#### Task details:
Extract only the lines from the start of the entries below to the line with "Fettwal Prickelnadel Set", inclusive; omit every picture.

------------------------------------------------------------

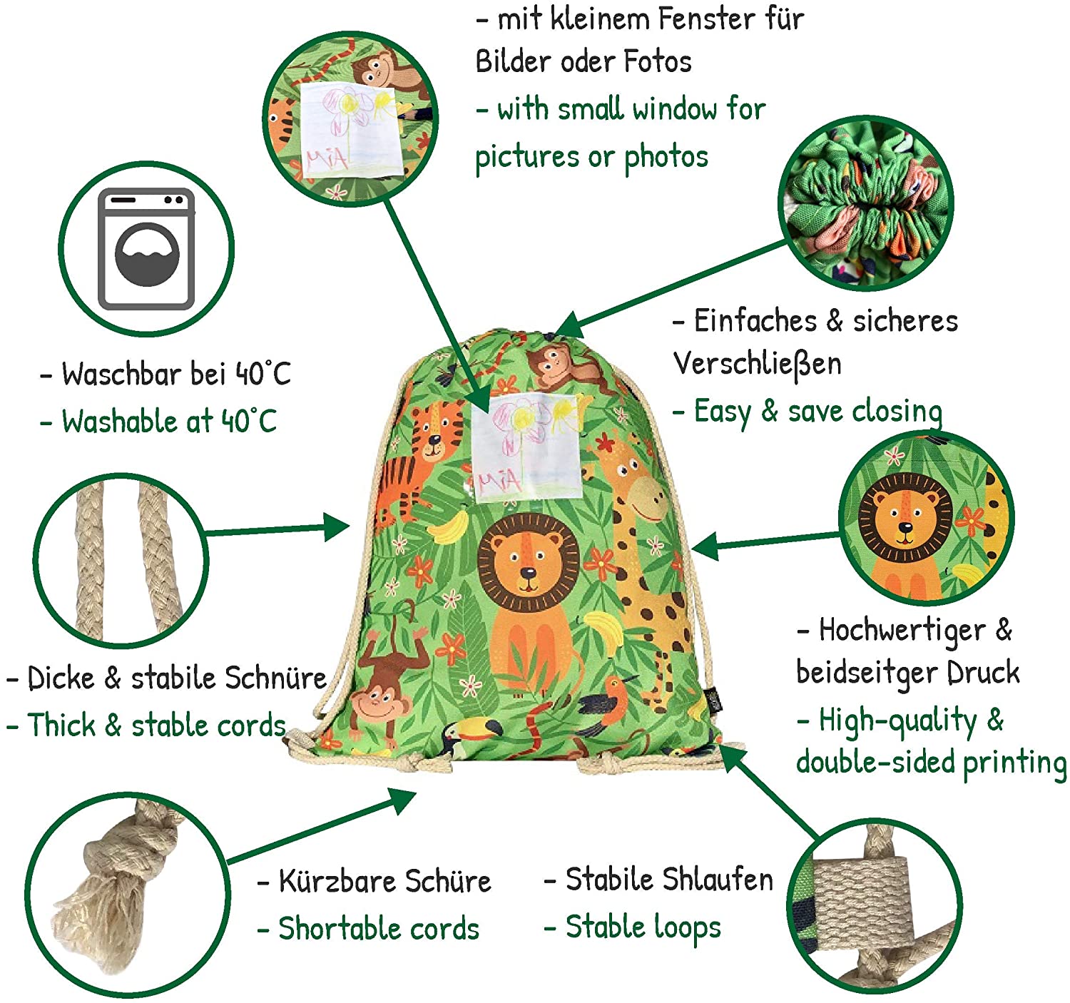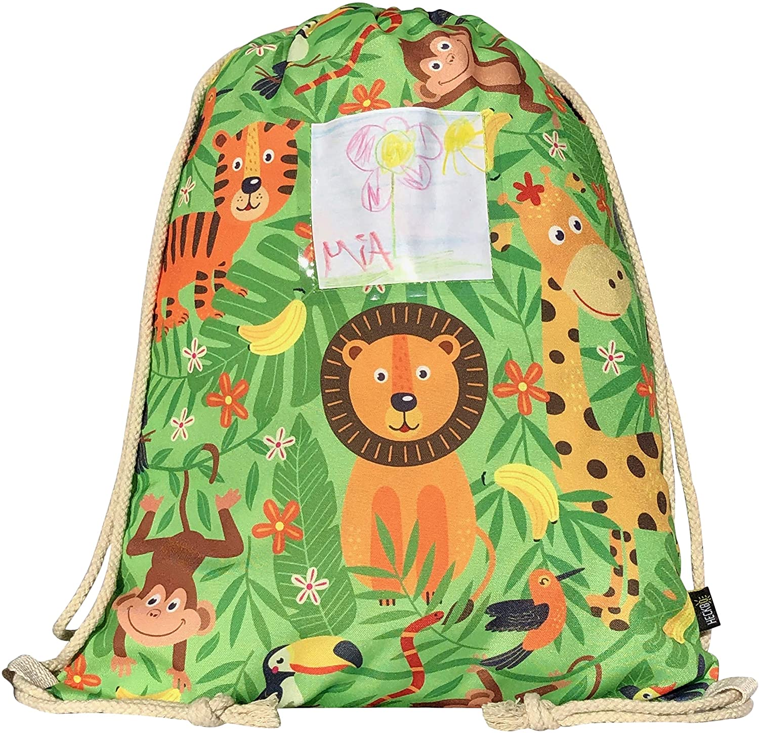 HECKBO® girls kids boys gym bag with window for pictures & photos – jungle – washing machine safe – 12.6″ x 15.8 – kindergarten, travel, sport – backpack, bag, toy bag, gym bag
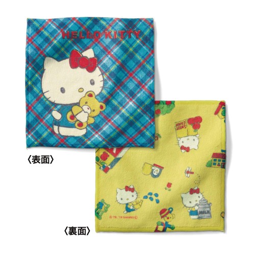 「ハローキティ レトロチェック」デザインの「ヴィンテージな両面ハンカチ」
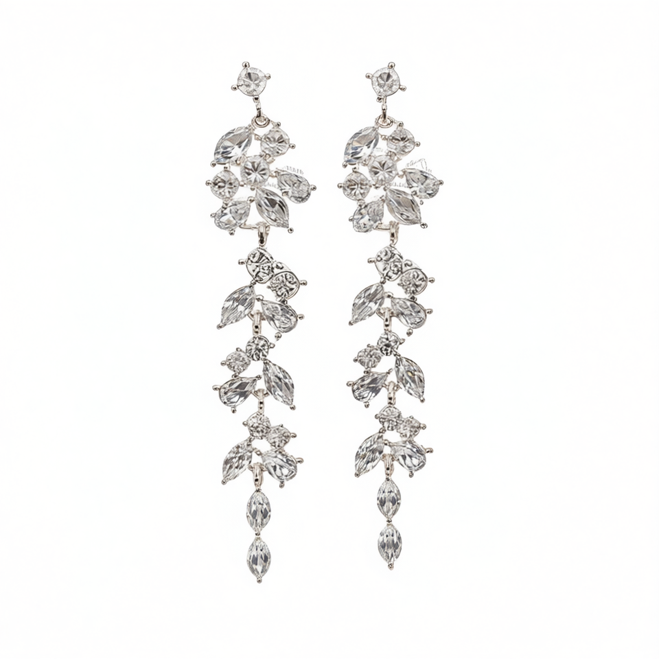 E2289 White Gold Chandelier Earrings Crystal Rhinestone Flower Design Luxury Women's Wedding Jewelry
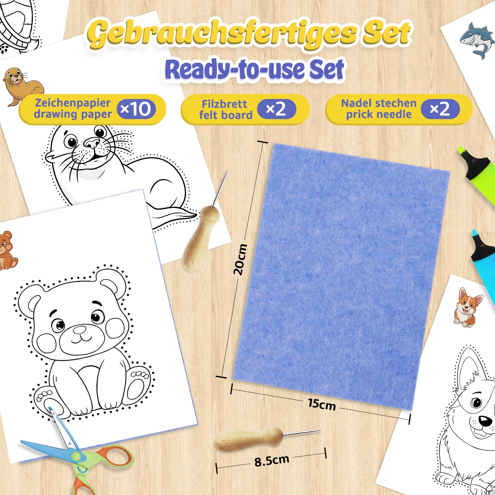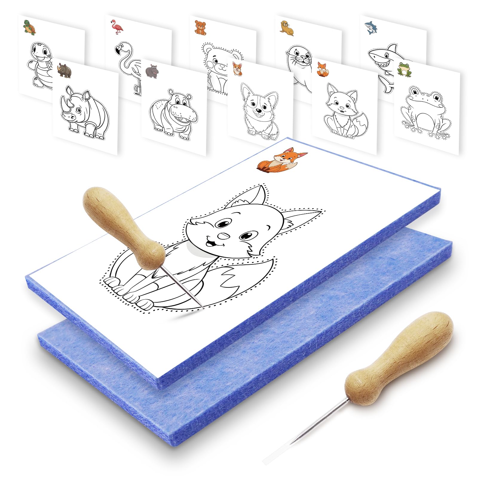 Fettwal Prickelnadel Set Kinder, Prickelset Stickbilder Sticken für Kinder ab 3, mit 2 Prickelnadel 2 Prickelfilz 10 Stickbilder, Verwendung unter Aufsicht der Eltern (Tierthema)
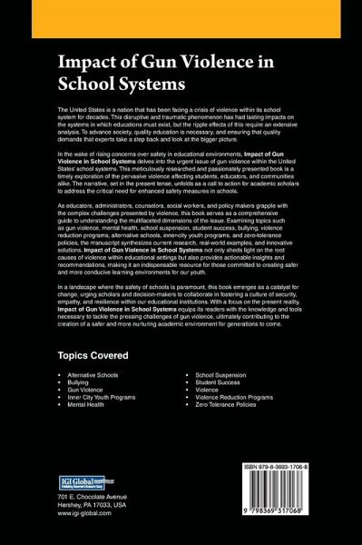 The United States is a nation that has been facing a crisis of violence within its school system for decades. This disruptive and traumatic phenomenon has had lasting impacts on the systems in which educations must exist, but the ripple effects of this require an extensive analysis. To advance society, quality education is necessary, and ensuring that quality demands that experts take a step back and look at the bigger picture. In the wake of rising concerns over safety in educational environments, Impact of Gun Violence in School Systems delves into the urgent issue of gun violence within the United States' school systems. As educators, administrators, counselors, social workers, and policy makers grapple with the complex challenges presented by violence, this book serves as a comprehensive guide to understanding the multifaceted dimensions of the issue. Examining topics such as gun violence, mental health, school suspension, student success, bullying, violence reduction programs, alternative schools, inner-city youth programs, and zero-tolerance policies, the manuscript synthesizes current research, real-world examples, and innovative solutions. Impact of Gun Violence in School Systems not only sheds light on the root causes of violence within educational settings but also provides actionable insights and recommendations, making it an indispensable resource for those committed to creating safer and more conducive learning environments for our youth.
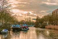 De Piushaven is bevroren met een klein laagje ijs op het water.
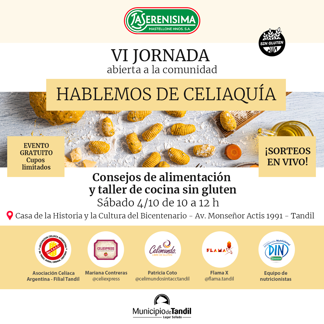 El evento se realizará el próximo 4 de octubre a las 10 h en la ciudad de Tandil. El encuentro, que tendrá lugar en la Casa de la Historia y la Cultura del Bicentenario, contará con una agenda que incluye consejería nutricional especializada, un taller de cocina sin gluten, degustaciones y sorteos. Se trata de un espacio pensado para compartir, aprender y concientizar sobre esta condición que afecta a 1 de cada 100 personas, según datos del
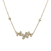 18kt yellow gold micro pave set round brilliant diamond multi-cluster butterfly pendant.
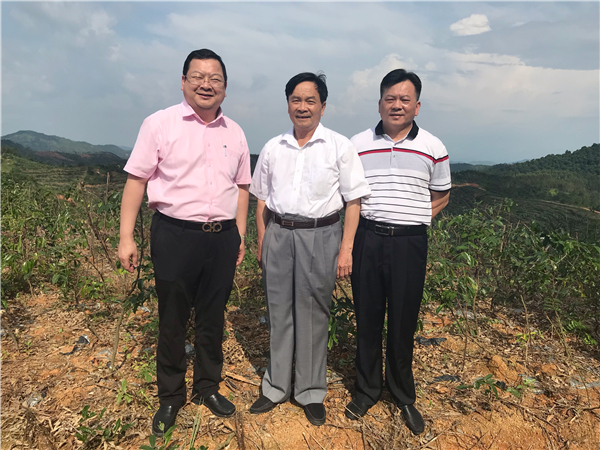 廣東河源紫金縣敬梓鎮田頭村的牛大力種植基地,左起分別為:深圳松樂生物有限公司產學研總監李三斌、廣東霖善堂生物科技有限公司創辦人黃作霖、廣東霖善堂生物科技有限公司董事長黃金水

------------------------------------------------------------

#### Your response:
 HECKBO® girls kids boys gym bag with window for pictures & photos – jungle – washing machine safe – 12.6″ x 15.8 – kindergarten, travel, sport – backpack, bag, toy bag, gym bag
 「ハローキティ レトロチェック」デザインの「ヴィンテージな両面ハンカチ」
 E2289 White Gold Chandelier Earrings Crystal Rhinestone Flower Design Luxury Women's Wedding Jewelry
 Fettwal Prickelnadel Set Kinder, Prickelset Stickbilder Sticken für Kinder ab 3, mit 2 Prickelnadel 2 Prickelfilz 10 Stickbilder, Verwendung unter Aufsicht der Eltern (Tierthema)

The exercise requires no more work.